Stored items

┄┄┄┄┄┄

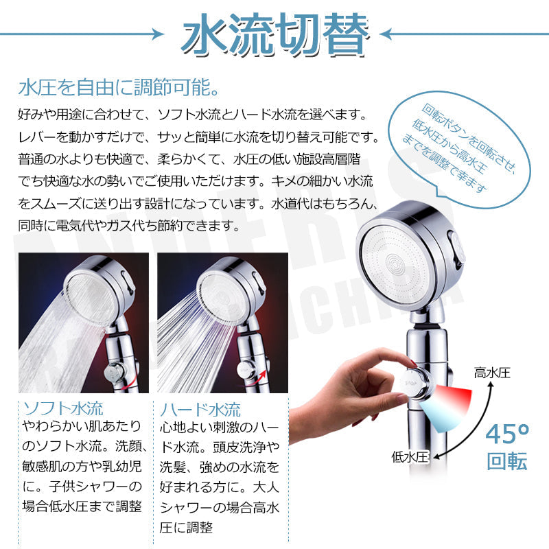 【水流切替】水圧を自由に調節可能。好みや用途に合わせて、ソフト水流とハード水流を選べます。レバーを動かすだけで、サッと簡単に水流を切り替え可能です。普通の水よりも快適で、柔らかくて、水圧の低い施設高層階でち快適な水の勢いでご使用いただけます。キメの細かい水流をスムーズに送り出す設計になっています。水道代はもちろん、同時に電気代やガス代ち節約できます。
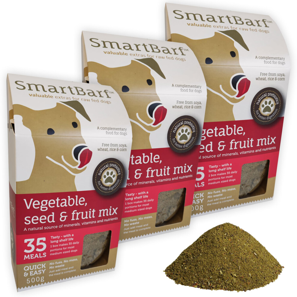 SmartBarf - Dog Food Toppers (500g) with Essential Nutrients - Vegetable, Seed & Fruit Mix - Prebiotics for Dogs, Dog Gut Health Supplement, Raw Food
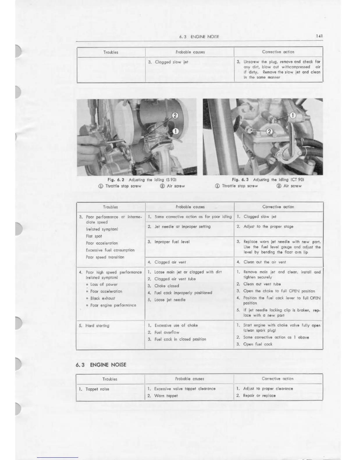Honda CD90 - Engine Noise; Adjusting the Idling
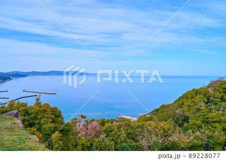 春の兵庫県洲本市の洲本城跡の展望台から淡路島北側を見る
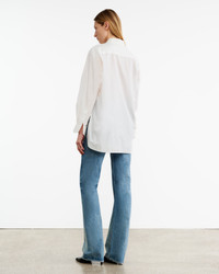 An elevated classic and a staple in Nili's personal wardrobe, the Yorke Shirt is rendered in a crisp poplin. A modern and clean silhouette without topstitching, and an oversized fit that is slightly longer in the back. Made in USA SIZE & FIT Model is 5'11 and wears a size S. For exact measurements by size, view our size guide. COMPOSITION & CARE 100% COTTON, MADE IN USA DO NOT TUMBLE DRY MACHINE WASH COLD DO NOT BLEACH LOW IRON DO NOT DRY CLEAN
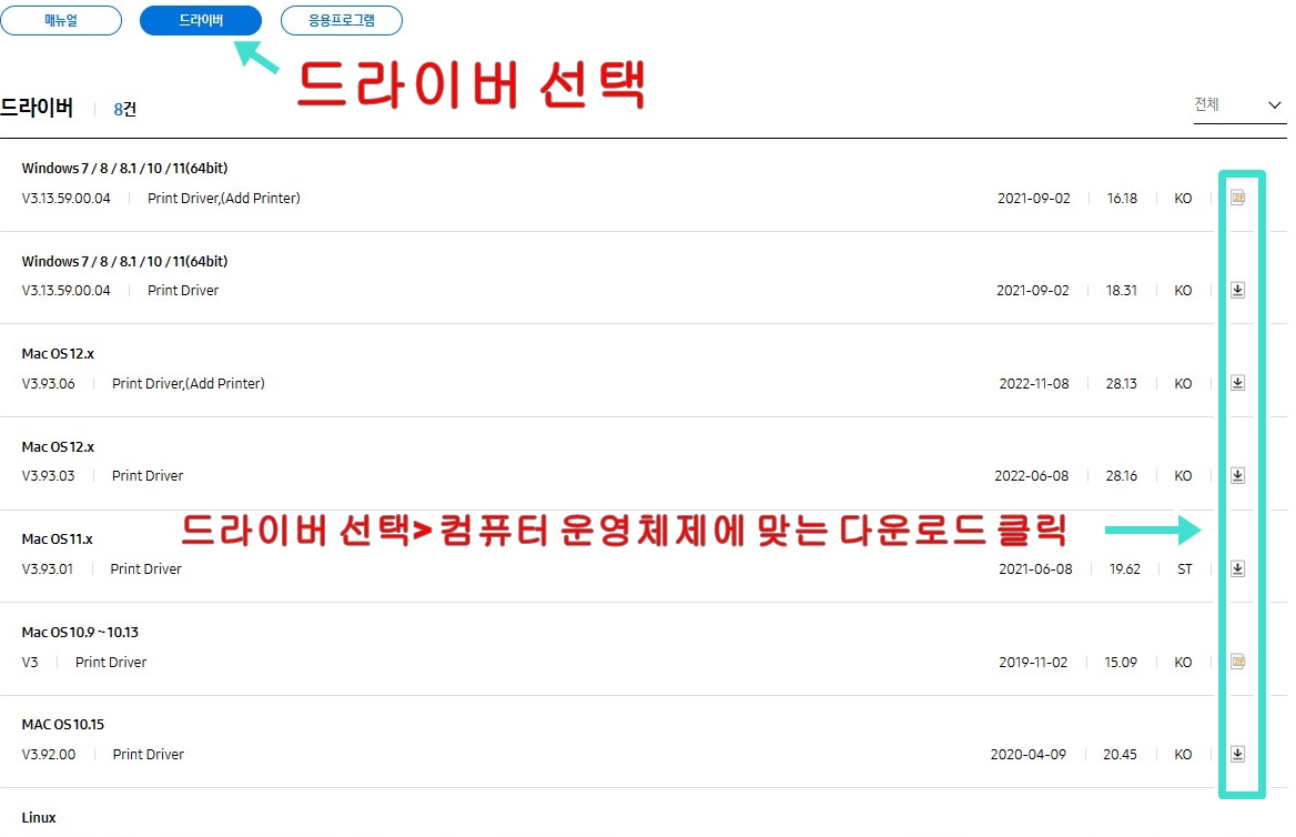 이후 본인에게 맞는 운영체제를 확인하시고 우측에 작은 크기의 다운로드 버튼을 눌러 삼성 프린터 드라이버를 설치하시면 됩니다.
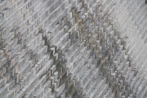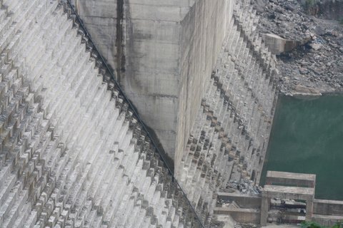 vách núi nhìn xuống đập chính sâu hun hút, mắt tôi không còn nhìn thấy những cột
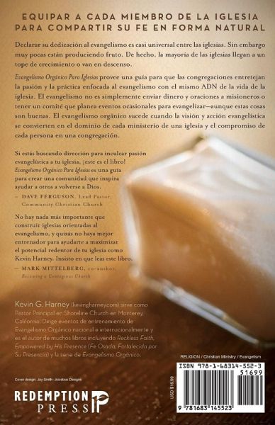 EQUIPAR A CADA MIEMBRO DE LA IGLESIA PARA COMPARTIR SU FE EN FORMA NATURAL Declarar su dedicación al evangelismo es casi universal entre las iglesias. Sin embargo tan pocas están produciendo fruto. De hecho, la mayoría de las iglesias llegan a un tope de crecimiento o van en descenso. Evangelismo Orgánico Para Iglesias provee una guía para que las congregaciones entretejan la pasión y la práctica enfocada al evangelismo en el mismo ADN de la vida de la iglesia. El evangelismo no es simplemente enviar dinero y oraciones a misioneros o tener un comité que planea eventos ocasionales para evangelizar—aunque estas cosas son buenas. El evangelismo orgánico sucede cuando la visión y acción evangelística se convierten en el dominio de cada ministerio de una iglesia y el compromiso de cada persona en una congregación. Si estás buscando dirección para inculcar pasión evangelística a tu iglesia, ¡este es el libro! Evangelismo Orgánico Para Iglesias es una guía para crear una comunidad que aspira ayudar a otros a volverse a Dios. – Dave Ferguson, Pastor Principal, Community Christian Church No hay nada más importante que construir iglesias orientadas al evangelismo, y quizás no haya mejor entrenador para ayudarte a maximizar el potencial redentor de tu iglesia como Kevin Harney. Insisto en que leas este libro. – Mark Mittelberg, co-autor, Becoming a Contagious Church
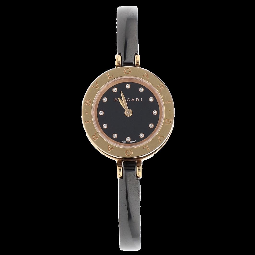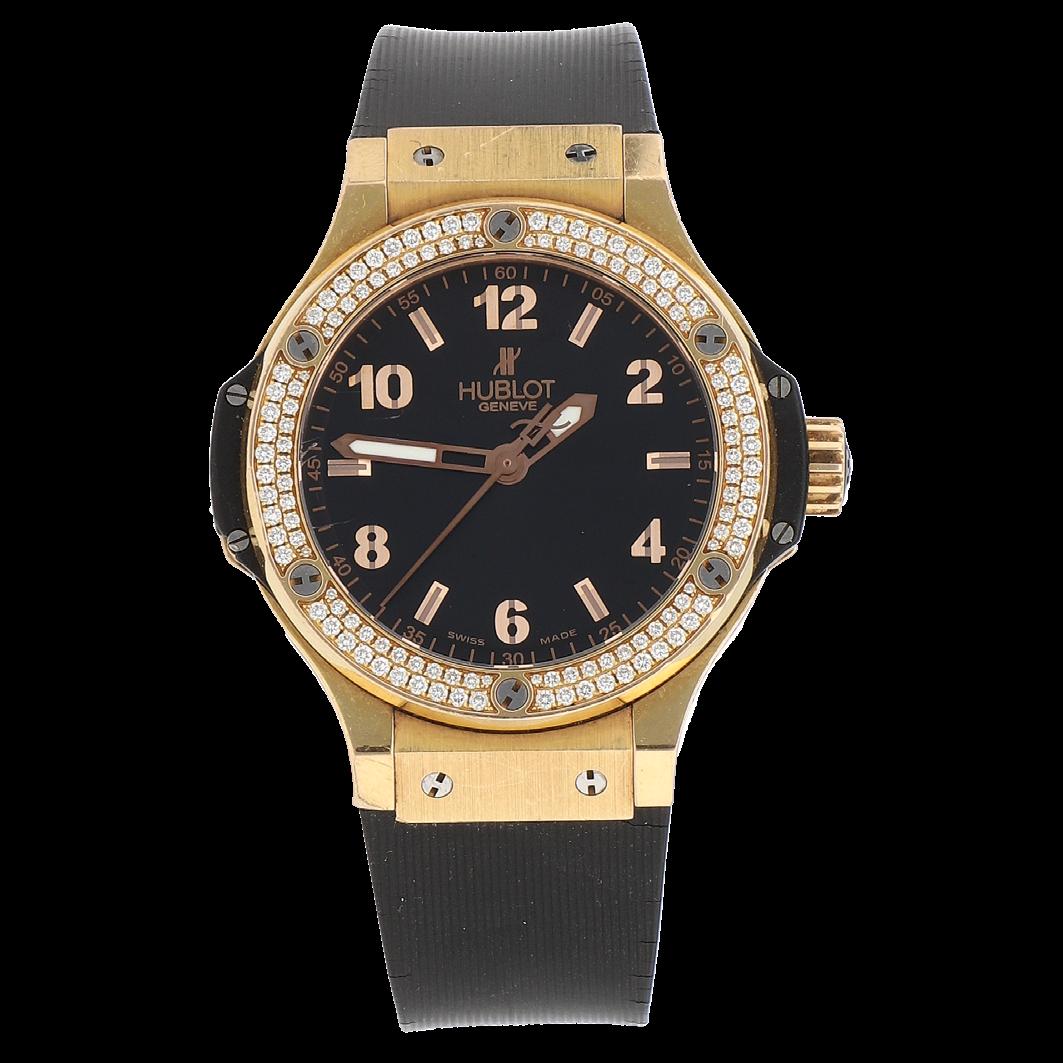 CAJA 38 MM EN ORO ROSA, BISEL CON 2 CERCOS DE BRILLANTES, PULSO CAUCHO (AGRIETADO) CARÁTULA NEGRA, NÚMEROS ARÁBIGOS, MOVIMIENTO CUARZO, SERIE 748XXX, CALIBRE 955.112, JOYAS 7, GRAMOS 116.5, ESTADO DE CONSERVACIÓN SATISFACTORIO
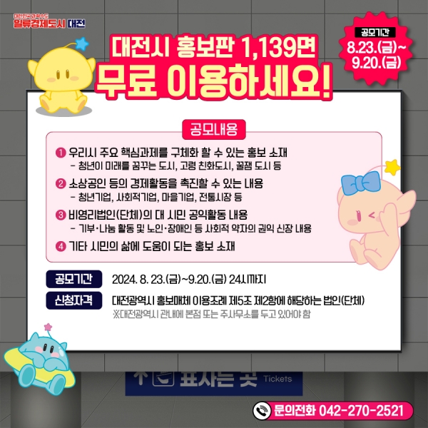 [국회의정저널] 대전시는 8월 23일부터 9월 20일까지 시 보유 홍보 매체를 무료로 이용할 업체를 공개 모집한다.

┄┄┄┄┄┄

§ Required work
Give again the stretch of the entries above that begins at the line with "Honda CD90 - Engine" and ends at the line with "vách núi nhìn", word for word, with no pictures.

§ Result for this exercise
Honda CD90 - Engine Noise; Adjusting the Idling
 春の兵庫県洲本市の洲本城跡の展望台から淡路島北側を見る
 An elevated classic and a staple in Nili's personal wardrobe, the Yorke Shirt is rendered in a crisp poplin. A modern and clean silhouette without topstitching, and an oversized fit that is slightly longer in the back. Made in USA SIZE & FIT Model is 5'11 and wears a size S. For exact measurements by size, view our size guide. COMPOSITION & CARE 100% COTTON, MADE IN USA DO NOT TUMBLE DRY MACHINE WASH COLD DO NOT BLEACH LOW IRON DO NOT DRY CLEAN
 이후 본인에게 맞는 운영체제를 확인하시고 우측에 작은 크기의 다운로드 버튼을 눌러 삼성 프린터 드라이버를 설치하시면 됩니다.
 vách núi nhìn xuống đập chính sâu hun hút, mắt tôi không còn nhìn thấy những cột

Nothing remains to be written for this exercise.